Despite protestations from Sandy Greyson, who headed the work group behind the new ordinance, and Dwaine Caraway, a majority of the council agreed to hear about the changes after the council's summer break.

The decision was made just before lunch, when Mayor Mike Rawlings seemed to realize that, because of the amount of time wasted bickering over changes to the city charter's term limit provisions, the meeting might last into Thursday morning if the sure-to-be contentious transit issues were discussed.

None of the term limit discussion was particularly useful. A motion by Rick Callahan to allow for two four-year terms rather than four two-year terms was roundly rejected, and the council also rejected the original suggestion of two three-year terms to voters.

The ineffectual debate was entertaining, at least.

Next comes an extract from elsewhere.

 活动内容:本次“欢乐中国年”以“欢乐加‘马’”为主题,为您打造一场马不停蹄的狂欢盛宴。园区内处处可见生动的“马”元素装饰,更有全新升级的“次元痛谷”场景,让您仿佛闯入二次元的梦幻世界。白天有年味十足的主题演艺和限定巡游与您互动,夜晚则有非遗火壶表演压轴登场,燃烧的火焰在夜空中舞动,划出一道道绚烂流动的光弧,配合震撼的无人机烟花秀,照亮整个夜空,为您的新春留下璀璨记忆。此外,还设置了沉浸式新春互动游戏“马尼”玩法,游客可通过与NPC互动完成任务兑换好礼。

Dwaine Caraway suggested early in the discussion that the best move was to get rid of term limits entirely.

"If it were my druthers," he said, "as long as the voters want you, and as long as you were doing your job, you could stay."

Caraway also insisted that city staff conspire against council members who are unable to seek re-election.

"[Staff] will relax and play politics at the end of our term," he said. "Some folks can't wait until we are on our way out."

Lee Kleinman suggested that Caraway was attempting to build a career in a position that is supposed to be temporary.

"This whole drive to increase [council] salaries and get rid of term limits is clearly an opportunity to try and embed these positions for the long term," he said.

Having unlimited terms would allow for a concentration of power that "creates a ward system," he said.

If term-limited council members want to continue their political careers, Kleinmann said, they should run for county, state or federal office.

Clearly, Kleinman's comments upset Caraway, who minutes later went on a desk-slapping tirade.

"I take offense when we talk about career politicians with personal agendas," he said. "That's a slap in the face."

Because there is more work to do in South Dallas, Caraway insisted, he and his fellow southern sector council members must make a career out of trying to make things better, he said.

"Don't be labeling people about no career politician," he said, pointing at Kleinman.

After the hour-long back and forth, which again, changed absolutely nothing from the original charter modification proposal, the newly behind schedule council moved on to other business.